Chuck and Buck is the Smartest Comedy of the Year
This sort of comedy attracts relatively few aspirants, one assumes, because it's doubly challenging. For one thing, it puts the viewer on the spot by asking that we remember a time or times when we were deeply embarrassed, and perhaps didn't even realize how ridiculous we looked to others. Second, the viewer never knows where the whole thing will lead. Having an embarrassing protagonist is like an opening credits billboard reading "Okay, folks, all bets are off." The genre road maps?with their implicit reassurances?go out the window. If the main character can do anything shame-wise, we are obliged to contemplate a prospect of endless mortification, and there's no guarantee it won't be mortal.

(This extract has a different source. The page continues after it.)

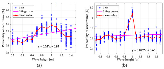 As shown in Figure 8a, the dynamic range of probability value at each wave height is among 0.2% to 0.8%, which is hard to summarize the variation rules. However, when observing the average values at each wave height, the probability increases from 0.2 m to 1 m and decreases from 1 m to 1.4 m. For the linear fitting curve, it shows that the probability of sea spikes at 0.8° grazing angle gradually increased with increasing wave height, and the slope of the linear is 0.24. In contrast, in Figure 8b, there is no obvious trend with wave heights increasing for the data at 5.1° grazing angle. If not the probability values at 0.9 m and 1 m are much bigger than the other wave heights, it can almost be considered that the wave height has no influence on the probability value.

Given that, every moment in the story feels like a shaky step on a tightrope stretched across an abyss of nightmarish possibilities that most of us wish we'd left in high school or at the therapist's, whichever came last.
I introduce Miguel Arteta's Chuck & Buck in this way not because I'm embarrassed to say I think it's a terrific film but because its achievements are of the quicksilver, impossible-to-categorize sort. By its end it had convinced me that it's easily the smartest, most original and alarmingly amusing comedy of the year to date. But that was after the final credits rolled. Up until then, I spent much of the movie in comedy's equivalent of existential dread, unsure if I'd make it to the other side of that tightrope?unsure even if the filmmakers would.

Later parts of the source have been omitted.